+++ Data for processing +++

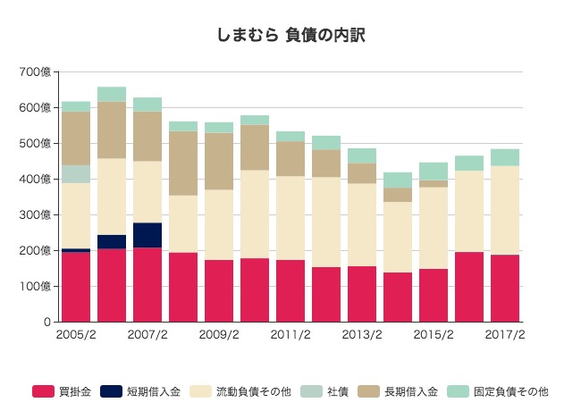 負債の合計は600億円以上あったのが、近年は500億円を割っています。
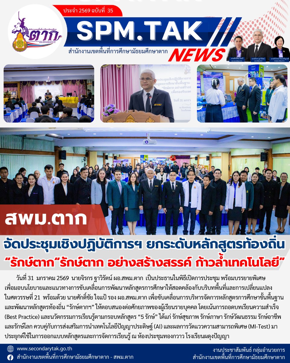 จัดประชุมเชิงปฏิบัติการฯ ยกระดับหลักสูตรท้องถิ่น “รักษ์ตาก”รักษ์ตาก อย่างสร้างสรรค์ ก้าวล้ำเกคโนโลยี” วรวุฒิ เนื้อนิ่ม 1 กุมภาพันธ์ 2569 จัดประชุมเชิงปฏิบัติการฯ ยกระดับหลักสูตรท้องถิ่น “รักษ์ตาก”รักษ์ตาก อย่างสร้างสรรค์ ก้าวล้ำเกคโนโลยี” จำนวนคนดู 1
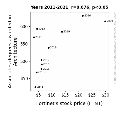 This means 45.7% of the change in the one variable (i.e., Fortinet's stock price (FTNT)) is predictable based on the change in the other (i.e., Associates degrees awarded in Architecture) over the 11 years from 2011 through 2021.
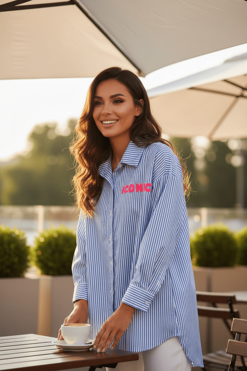Chemise rayée inscription ICONIC - Taille unique 36 au 42.
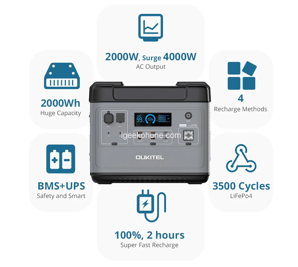 The OUKITEL P2001 is a powerful portable power station that can use o power various household appliances and heavy-duty tools. With its 2000W (surge 4000W) AC pure sine wave inverter generator, it is capable of powering devices such as microwaves, air conditioners, hair dryers, electric drills, and bench grinders. Its LiFePo4 battery can provide 3500+ life cycles, making it a reliable source of power for extended periods.

+++

▶ Work item: Your copy of the data above should match it exactly, apart from the images.

▶ Response to the task:
 負債の合計は600億円以上あったのが、近年は500億円を割っています。
 จัดประชุมเชิงปฏิบัติการฯ ยกระดับหลักสูตรท้องถิ่น “รักษ์ตาก”รักษ์ตาก อย่างสร้างสรรค์ ก้าวล้ำเกคโนโลยี” วรวุฒิ เนื้อนิ่ม 1 กุมภาพันธ์ 2569 จัดประชุมเชิงปฏิบัติการฯ ยกระดับหลักสูตรท้องถิ่น “รักษ์ตาก”รักษ์ตาก อย่างสร้างสรรค์ ก้าวล้ำเกคโนโลยี” จำนวนคนดู 1
 This means 45.7% of the change in the one variable (i.e., Fortinet's stock price (FTNT)) is predictable based on the change in the other (i.e., Associates degrees awarded in Architecture) over the 11 years from 2011 through 2021.
Chemise rayée inscription ICONIC - Taille unique 36 au 42.
 The OUKITEL P2001 is a powerful portable power station that can use o power various household appliances and heavy-duty tools. With its 2000W (surge 4000W) AC pure sine wave inverter generator, it is capable of powering devices such as microwaves, air conditioners, hair dryers, electric drills, and bench grinders. Its LiFePo4 battery can provide 3500+ life cycles, making it a reliable source of power for extended periods.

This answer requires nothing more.